There were already several reasons not to use a <META> tag to perform a refresh. Zoompf Check #99 (one of the first checks we wrote) flags on web pages that used <META> tag for redirects. Originally we flagged META refreshes because of it was a bloated and oversized solution as well all the problems <META> refreshes cause with web crawlers and accessibility. Zoompf’s remediation advice was to use an HTTP redirect and we flagged this as a low severity issue. In light of these IE performance problems, we have changed the severity to a high (which is the same severity as not using caching at all).

Want to see what performance problems your website has? META Refresh Tag Used As Redirect is just one of the 300+ web performance issues Zoompf detects when scanning your web applications. Get your instant free web performance assessment at Zoompf.com today!

January 28, 2010

Cruft inside Microsoft Word HTML files

We were recently on-site with a client helping them fix some issues when we happened to see this directory containing some HTML files.

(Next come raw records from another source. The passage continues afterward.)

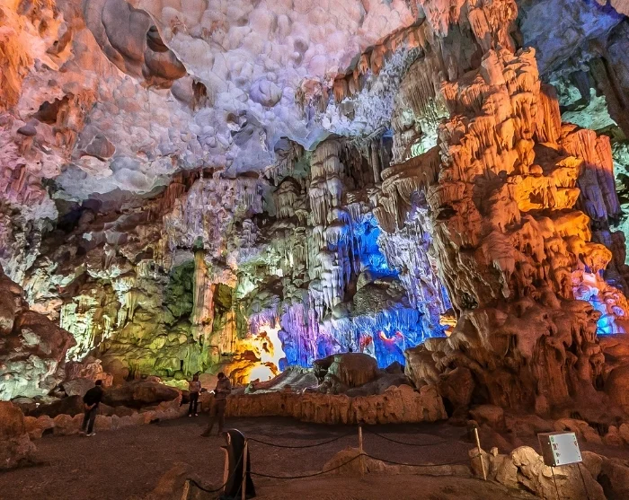 Turen fortsætter til Sung Sot-grotten, som er Ha Long-bugtens største og mest imponerende drypstenshule. Her belønnes du med et magisk indre landskab af stalaktitter og stalagmitter, som har taget millioner af år at forme. Vi anbefaler gode, lukkede sko, især i vådt vejr.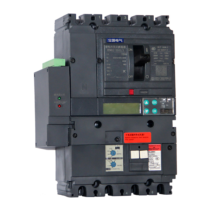 BKM5 系列塑料外壳式断路器适用于交流50Hz,额定绝缘电压1000V,额定工作电压至690V,额定电流12.5A至1600A的配电网络中,用来分配电能和保护线路及电源设备免受过载、短路、欠电压等故障的损坏。亦可作为电动机的不频繁起动及过载、短路、欠电压保护。加装Vigi剩余电流保护模块的断路器,只能上进线。MIC5.0E智能型断路器只能上进线。其他规格的断路器,既可上进线,也可下进线。本系列断路器具有隔离功能。本系列断路器可垂直安装(即竖装),亦可水平安装( 即横装)。本系列断路器执行标准:IEC 60947-1及GB/T 14048.1 《低压开关设备和控制设备 第1部分:总则》IEC 60947-2及GB/T 14048.2 《低压开关设备和控制设备 第2部分:断路器》IEC 60947-4及GB/T 14048.4 《低压开关设备和控制设备 第4-1部分:接触器和电动机起动器 机电式接触器和电动机起动器(含电动机保护器)》GB/T 22710《低压断路器用电子式控制器》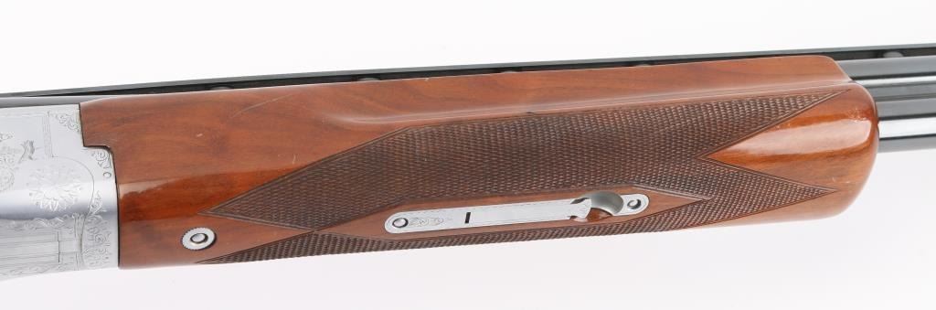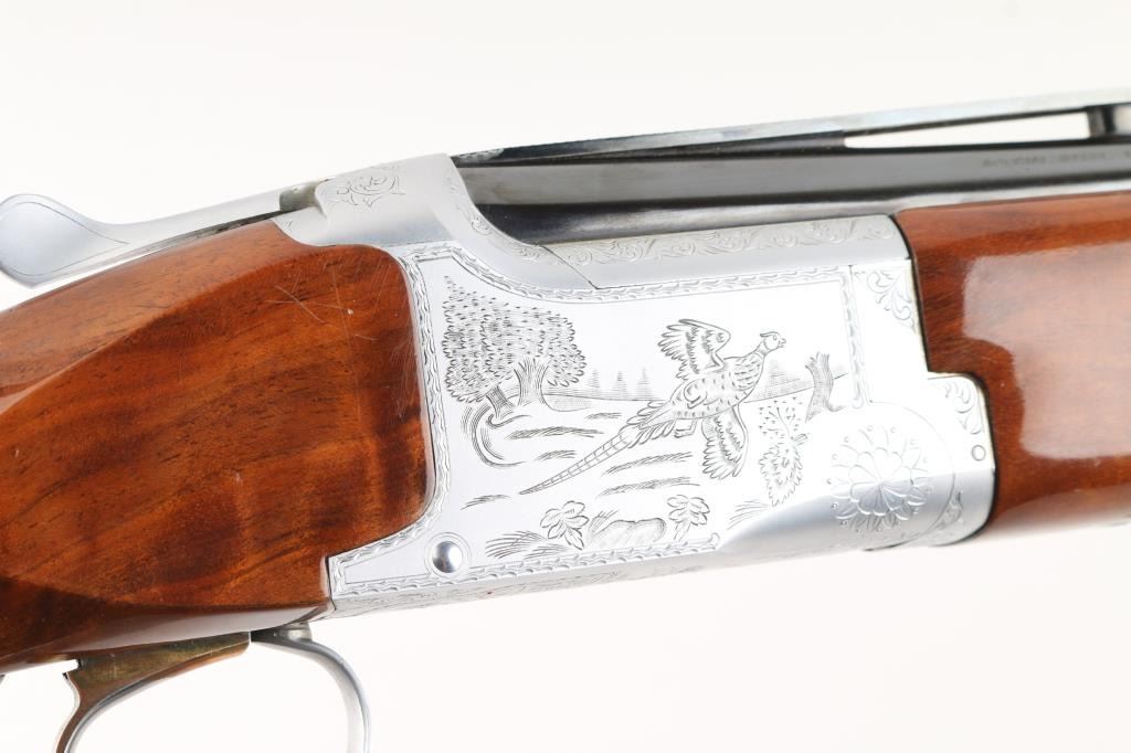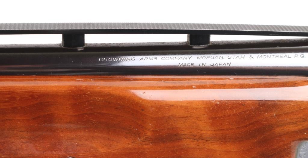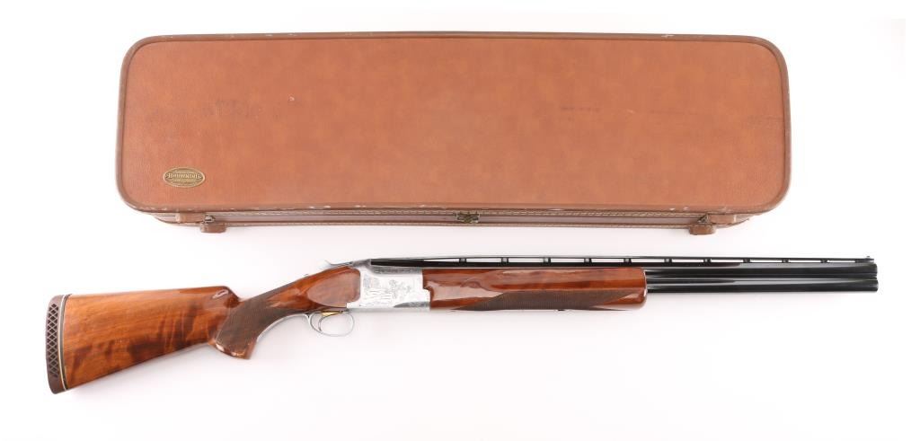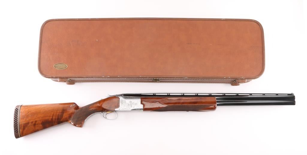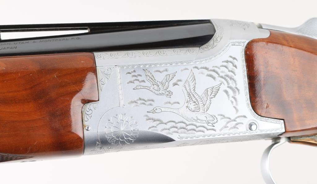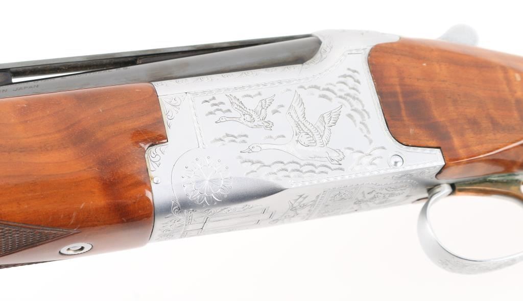 Grade II Skeet. Japanese made by Miroku under/over double barrel shotgun chambered for 2 3/4" .12 gauge shells. Features high polish blued 26" vent rib barrels, white Bradley bead front sight, small white mid bead, single gold trigger, sliding tang safety/barrel selector, full coverage floral scroll engraving on the coin-finished receiver with Geese in flight on the left of the receiver, Pheasant in flight. Quail & Pointer on bottom, finely checkered, highly figured, high gloss forend and pistol grip shoulder stock with vented factory butt plate. Bores are excellent/bright: Wood, and metal finish are excellent with some very minor scratches, slight muzzle wear. 14-1/4" Length of Pull. Fixed chokes gauge IC on top, and M on bottom barrels. Manufactured 1979. Comes with the original Browning brown leather form fitted case with manual. Condition is NRA Excellent Modern Firearm

Well that’s odd. Why do some of those HTML files have one icon and different HTML files have another icon? We examined the source code for one of the HTML files with the odd icon and saw this:

Turns out these HTML files were created by Microsoft Word! Due of a series of different web designs and designers over a number of years, as well as a healthy bit of editing by the marketing department, 1 in 4 web pages of our client’s current website were created or modified using Microsoft Word!

As we scrolled through the HTML file we saw large amounts of extra data that no normal web browser would ever interpret. A little research explained it for us. Microsoft allows you to save a document as an HTML file. They also want you to be able to open an HTML file that was created using Microsoft Office and resume editing it just like a normal document. Since Microsoft Office has all sorts of features that HTML and CSS doesn’t this allows Office to preserve certain information inside the HTML file between edits.

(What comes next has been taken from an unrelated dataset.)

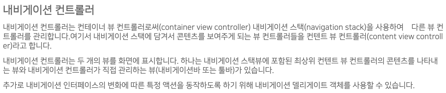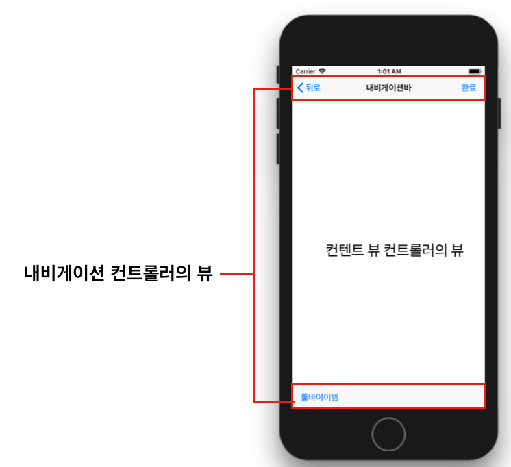내비게이션의 컨트롤러는 2가지 뷰 요소를 화면에 띄운다 -> 컨텐트 뷰 & 내비게이션 바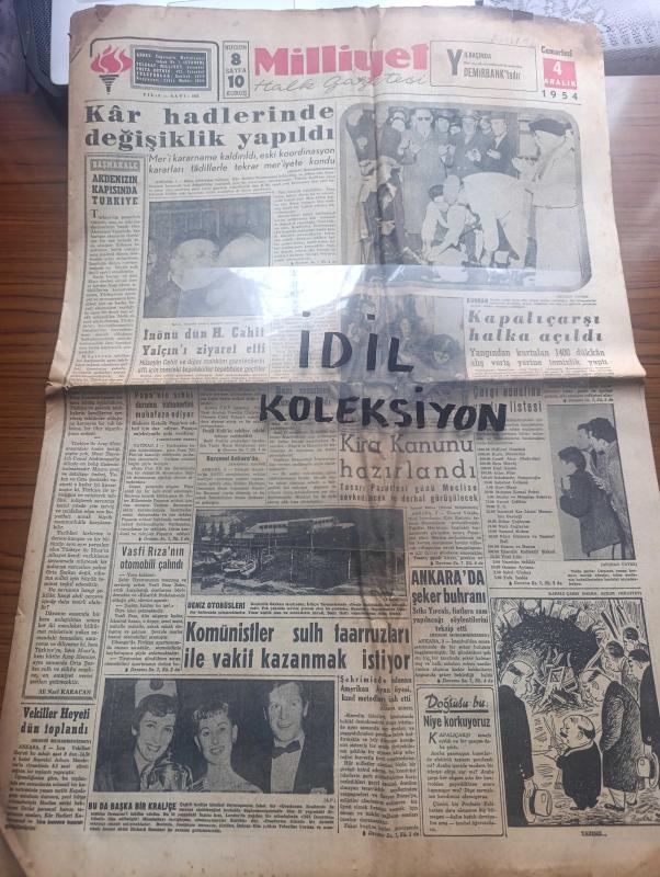 Milliyet Gazetesi - Turkish Newspaper - 4 Aralık 1954 - Akdeniz'in kapısında Türkiye yazan Ali Naci Karacan Başmakale - kar hadlerinde değişiklik yapıldı - İsmet İnönü dün Hüseyin Cahit Yalçın'ı ziyaret etti Fotoğrafı - Kapalıçarşı halka açıldı - yangından kurtarılan 1400 dükkan alışveriş yerine temizlik yaptı - Çarşı esnafının yardım listesi - komünistler sulh taarruzları ile vakit kazanmak istiyor - sevilen artist Vasfi Rıza Zobu'nun otomobili çalındı - Dağlar kralı yazan Refi Cevad Ulunay Yazı Dizisi - Pervane Yazan Kerime Nadir Yazı Dizisi - Atatürk'ün bir kadına mektupları tercüme ve izah eden Peyami Safa Yazı Dizisi - Cingöz Recai yazan Server Bedi Yazı Dizisi - Türkiye İş Bankası - Galatasaray Emniyetle Lig'in en enteresan maçını bugün oynuyor - Stanley Matthews hala gözde futbolcu - Galatasaray Beogradski basketbol maçı - Vefa Garbis İsmet Tarık ve Recai'ye boykot verdi - milli takım grekoromen seçmeleri bugün başlıyor - Beykoz Kasımpaşa karşılaşıyor - Bülent Akkurt, Ali Naci Karacan tarafından kaleme alınmıştır. Milliyet Gazetesi - Turkish Newspaper - 4 Aralık 1954 - Akdeniz'in kapısında Türkiye yazan Ali Naci Karacan Başmakale - kar hadlerinde değişiklik yapıldı - İsmet İnönü dün Hüseyin Cahit Yalçın'ı ziyaret etti Fotoğrafı - Kapalıçarşı halka açıldı - yangından kurtarılan 1400 dükkan alışveriş yerine temizlik yaptı - Çarşı esnafının yardım listesi - komünistler sulh taarruzları ile vakit kazanmak istiyor - sevilen artist Vasfi Rıza Zobu'nun otomobili çalındı - Dağlar kralı yazan Refi Cevad Ulunay Yazı Dizisi - Pervane Yazan Kerime Nadir Yazı Dizisi - Atatürk'ün bir kadına mektupları tercüme ve izah eden Peyami Safa Yazı Dizisi - Cingöz Recai yazan Server Bedi Yazı Dizisi - Türkiye İş Bankası - Galatasaray Emniyetle Lig'in en enteresan maçını bugün oynuyor - Stanley Matthews hala gözde futbolcu - Galatasaray Beogradski basketbol maçı - Vefa Garbis İsmet Tarık ve Recai'ye boykot verdi - milli takım grekoromen seçmeleri bugün başlıyor - Beykoz Kasımpaşa karşılaşıyor - Bülent Akkurt adlı eser Türkçe dilindedir.

The some of the data stored is obvious: when the document was created and by whom, who made what edits when, paragraph count, etc. Other less obvious data such as VML, DHTML behaviors, column and page spacing, Word styling information, embedded objects data, and more is also stored inside the file. All of this Office specific data is stored inside HTML file and is wrapped inside of special conditional comments such as <!--[if gte mso 9]>. This hides the content from other programs that read the HTML. Furthermore Word isn’t the only Office program that does inserts this extra data into HTML files. Excel does too.

Keep in mind we are not talking about the general bloat that WYSIWYG HTML editors tend to add. Bloat such as empty <P> tags, large numbers of &nbsp; entries, table based layouts, overly long style attributes, are all hallmarks of WYSIWYG editors. However this is beyond that. This is extra data that is used exclusively by Office and is completely ignored by all web browsers that don’t support conditional comments (in other words any program besides Internet Explorer). In fact, the data is ignored by Internet Explorer as well since the conditional comments apply only to Microsoft Office and not for any version of IE.

So we have a bunch of useless cruft inside of these HTML files. Not a big deal right? Unfortunately all this useless data has a cost. Of the files we sampled we found that 20-35% of the HTML content was Microsoft Office specific data. That means 20-35% of the bytes going down the pipe to a user are completely wasted for these files.

Cleaning Up the Cruft

Luckily Word includes an option that allows you to save a filtered HTML file. A filter HTML file will not contain any of this useless Microsoft Office specific data. Under “Save As” you want to select the “Web Page, Filtered” option as shown below.

If you don’t happen to have a copy of Office around (or you have a few hundred HTML files to clean) you can still remove this useless content. Since all of this extra data is stored in conditional comments that are looking for the “mso” user agent you can easily write a regular expression to remove it. In fact you should create a script that detects and removes this extra data and include it as part of your publishing process.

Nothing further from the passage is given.